Many of the selected postsecondary institutions are ensuring college affordability and access for students during and after incarceration by making available institution-based financial aid and supporting students in applying for available state-based aid.
Secretary King will join fellow cabinet members in a moderated discussion that will explore Administration-wide efforts to promote reintegration and rehabilitation, and reduce recidivism among justice-involved individuals. U.S. Attorney General Loretta Lynch, U.S. Secretary of Housing and Urban Development Julian Castro and U.S. Secretary of Labor Thomas E. Perez will also participate in the discussion hosted by the Center for American Progress.
The Second Chance Pell pilot program builds upon previous Administration efforts and responds to recommendations put forth by the President’s My Brother’s Keeper Task Force to promote successful alternatives to incarceration and eliminate unnecessary barriers to reentry. Last month, the Department of Education released the Beyond the Box Resource guide for colleges and universities that encourages alternatives to inquiring about criminal histories during college admissions and provides recommendations to support a holistic review of applicants. Earlier this year, the Department of Education, in partnership with the U.S. Department of Justice, announced $5.7 million in new grants aimed at improving outcomes for students who have been involved in the criminal justice system. In December 2014, the Departments of Education and Justice released a Correctional Education Guidance Package to improve education programs in juvenile justice facilities and clarified existing rules around Pell Grant eligibility for youth housed in juvenile justice facilities and individuals held in local and county jails. The pilot announced today is intended to build on this guidance and expand access to high-quality postsecondary educational opportunities and support the successful reentry of adults.

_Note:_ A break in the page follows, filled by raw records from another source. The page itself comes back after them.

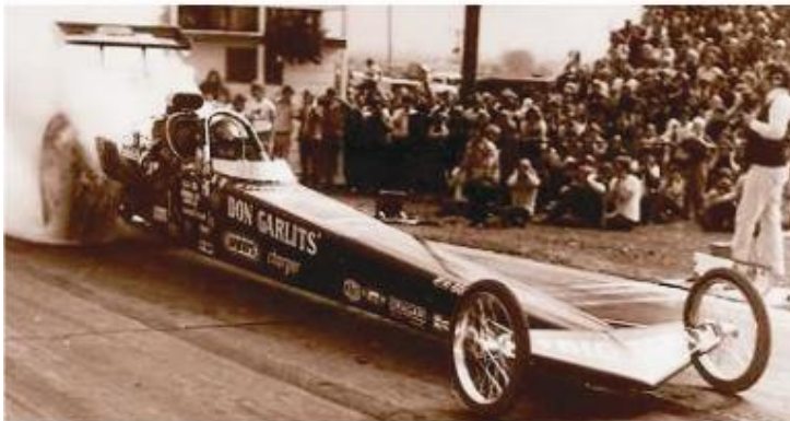
"Big Daddy" Don Garlits

Wednesday, March 7, 2012, beginning at 7:00pm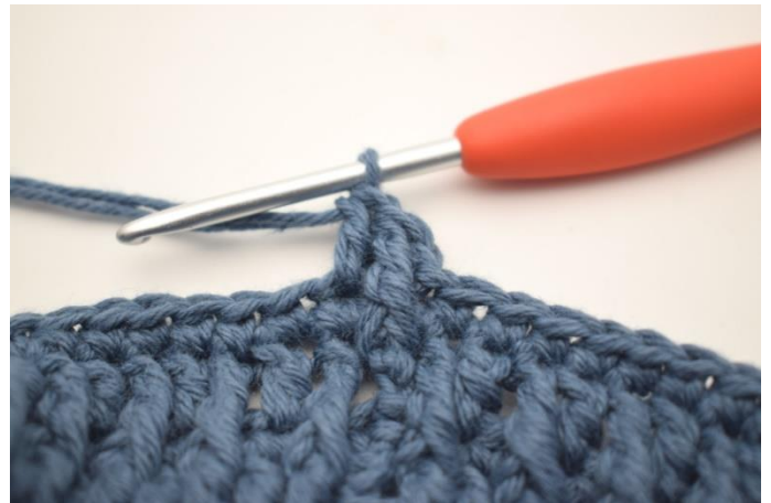
4. Work 1 dc in the next st.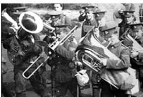
Dashing White Sergeant - quick march of the Royal Berkshire infantry Regiment 1914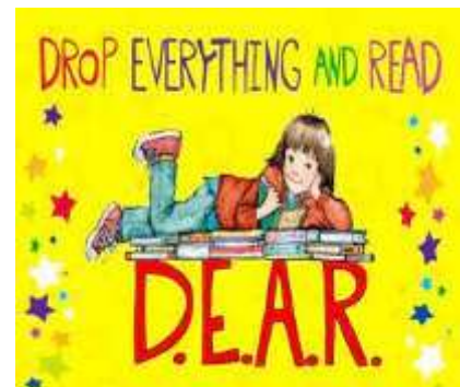
Year 4 pupils enjoying Dear time with their parents.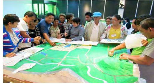
USAID/SURGE assists the local government of Barangay Conel, General Santos City, in developing its first 3-D map and contingency plan.

Replicating what they have learned from the 3D Mapping and Contingency Planning Workshop in Legazpi City last year, the City DRRMO in partnership with the USAID SURGE project assisted Barangay Conel in developing its first participatory 3-dimensional (3-D) map and contingency plan. Home to the Kalaja Karst formations and its picturesque ecotourism attractions like caves, waterfalls and springs, Barangay Conel is vulnerable to flooding. With the community maps hazards and vulnerabilities and contingency plan, the barangay enhances its local resilience.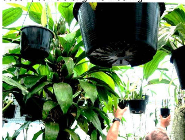
Preparing for a dose of 'jungle juice'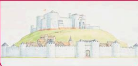
Stone keep castle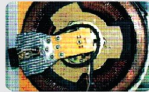
Voltage Regulating Tranformer

Experimental sites, such as the Second Chance Pell pilot program, allow the Department to test innovative practices in the delivery of Pell Grant dollars and use the resulting evidence to inform improvements in policies and processes in Federal student aid. Under the experimental sites authority of section 487A(b) of the Higher Education Act (HEA), the Secretary will waive existing financial aid rules that prohibit otherwise eligible students who are incarcerated from accessing Pell Grants. A 1994 Congressional change to the HEA eliminated Pell Grant eligibility for incarcerated individuals in Federal and state penal institutions.